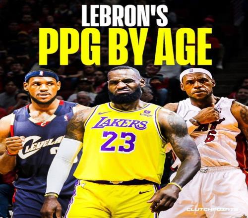 有媒體BronMuse統計并公布了詹姆斯從出道的18歲到41歲生日前的40歲,每個年齡段的最高得分。其中18歲最低,只有37分,當時詹姆斯才出道。40歲還有42分。最高是29歲,61分。第二低反而在巔峰期,大概因為不需要發力,34歲、39分。其他都是40分、50分這個區間。CLUTCHPOINTS統計的是每個年齡段的場均得分,18歲是20.2分,最低,21歲最高,30.2分,37歲是30.1分,40歲是24分,其他是25、26、27、28、29分。
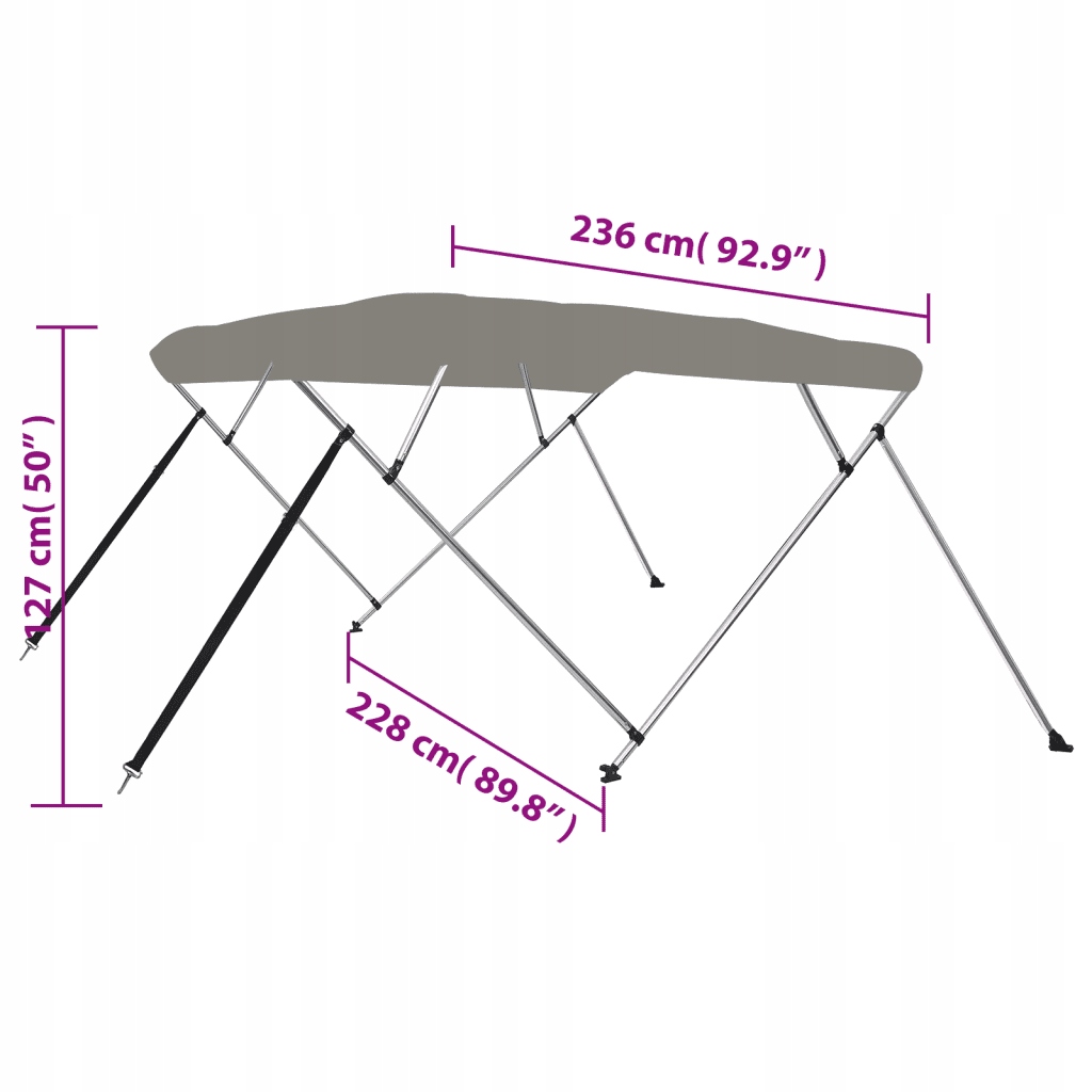 Тент-бимини с 4 перекладинами, серый, 236x228x127см
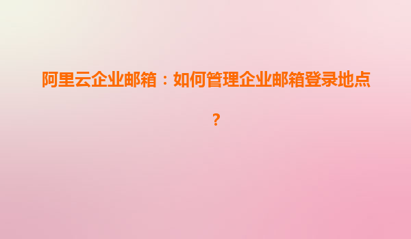管理企业邮箱的登录地点是确保企业信息安全的重要措施之一。阿里云企业邮箱提供了灵活的登录地点管理功能,帮助企业管理员监控和限制员工的邮箱访问。
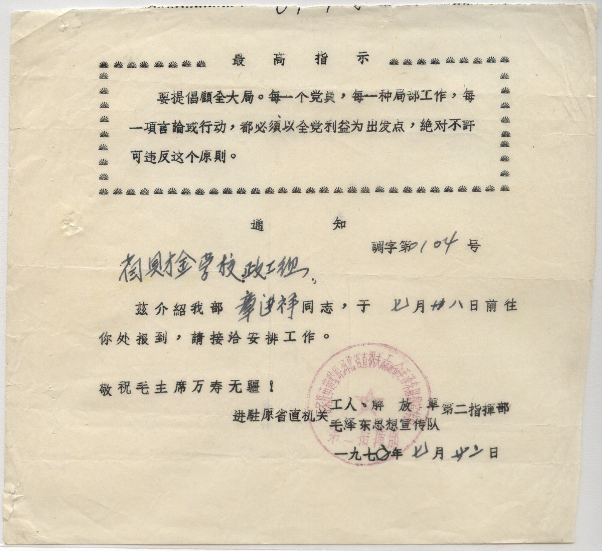 此件独一无二的藏品为年代趣味藏品  ,邮戳为      有最高指示  * 此戳可能尚待精确解析,可联系优先免费核实,更欢迎邮友先进指正补充 联系我们
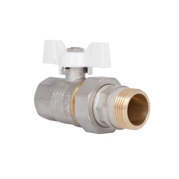 Кран кульовий Base 1"ВЗ прямий, з американкою, латун., нікельов., PN40, метелик SD221W25 Thermo Alliance
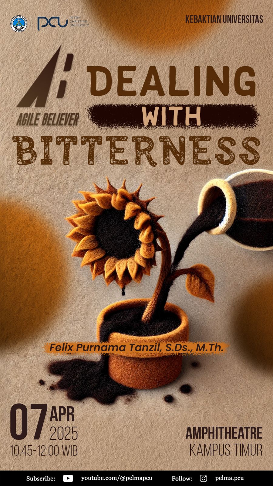 Universitas Kristen Petra mengundang seluruh civitas pada Kebaktian Universitas. Kebaktian yang diselenggarakan pada Senin, 07 April 2025 jam 10.45 - 12.00 WIB bertempat di Amphitheatre gedung Q, Pada Kebaktian ini akan diangkat tema agile believer - dealing with bitternes. Dengan Pengkhotbah Felix Purnama Tanzil, M.Th.
● ● ● ● ● ● ●
Leaving the pictures aside, copy exactly and only the lines from the one holding "Кран кульовий Base" through the final line of the data, both ends kept.

* _COMPLETED EXERCISE_
 Кран кульовий Base 1"ВЗ прямий, з американкою, латун., нікельов., PN40, метелик SD221W25 Thermo Alliance
 Universitas Kristen Petra mengundang seluruh civitas pada Kebaktian Universitas. Kebaktian yang diselenggarakan pada Senin, 07 April 2025 jam 10.45 - 12.00 WIB bertempat di Amphitheatre gedung Q, Pada Kebaktian ini akan diangkat tema agile believer - dealing with bitternes. Dengan Pengkhotbah Felix Purnama Tanzil, M.Th.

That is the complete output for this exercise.